DeepSeek V4 at $0.28/M — what 1T parameters means for cost

DeepSeek V4 costs $0.28 per million input tokens. Claude Opus costs $5. That’s an 18x price difference. But is V4 actually 18x worse? Let’s do the math.

Cost per task: real workloads

Assumptions: average task uses 10K input + 3K output tokens.

Model	Input cost	Output cost	Total per task	10,000 tasks
Claude Opus 4.6	$0.050	$0.075	$0.125	$1,250
GPT-5.4	$0.025	$0.030	$0.055	$550
Claude Sonnet 4.6	$0.030	$0.045	$0.075	$750
Gemini 3.1 Pro	$0.020	$0.036	$0.056	$560
DeepSeek V4	$0.003	$0.003	$0.006	$60
DeepSeek V4 Lite	$0.001	$0.002	$0.003	$30

DeepSeek V4 is 21x cheaper than Claude Opus per task.
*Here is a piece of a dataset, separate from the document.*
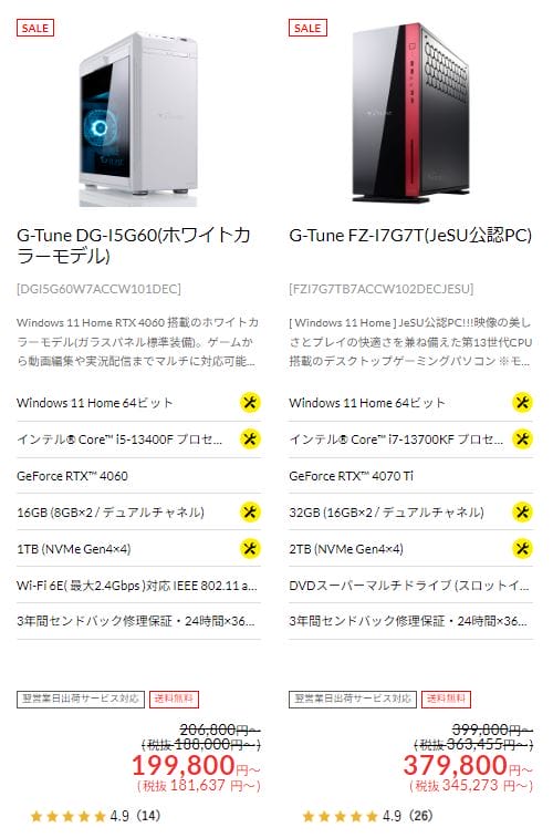 ▼『RTX 4070Ti』搭載のミドルハイ級モデルもさらにお得な価格に!

At 10,000 tasks, you save $1,190.

But what do you lose?

Benchmark	DeepSeek V4	Claude Opus	Gap
SWE-bench Verified	72.5%	80.8%	-8.3 pts
GPQA Diamond	84.0%	94.3%	-10.3 pts
LM Arena Elo	1445	1504	-59 pts

V4 trails Opus by 8-10 points on major benchmarks. That’s significant for frontier tasks (novel reasoning, PhD-level science, complex code architecture) but often invisible for routine work (summarization, data extraction, classification, format conversion).

The 80/20 rule for model selection

Use DeepSeek V4 when:

Task is well-defined (extraction, classification, summarization)
You’re processing high volume (thousands of items)
Quality difference between 84% and 94% doesn’t matter for your use case
Cost is a constraint

Use frontier models (Opus, GPT-5.4, Gemini 3.1) when:

Task requires novel reasoning or creativity
Errors are expensive (security review, medical, legal)
You need the best available quality regardless of cost

The smart approach: Use DeepSeek V4 for data gathering and preprocessing, then pass the structured results to Opus for analysis and synthesis. This is exactly what multi-model agent pipelines are designed for.

Context window trade-off

DeepSeek V4’s 128K context is much smaller than Claude’s 1M or Llama’s 10M. For document analysis, code review of large repos, or conversation with long history, this is a real limitation.

Self-hosting economics

V4 is open-weight, so you can self-host for zero marginal token cost. But 1T parameters requires a serious GPU cluster. Rough estimate: 8x H100 for inference, ~$25K/month in cloud GPU costs. Only worth it at extremely high volume (millions of requests/month).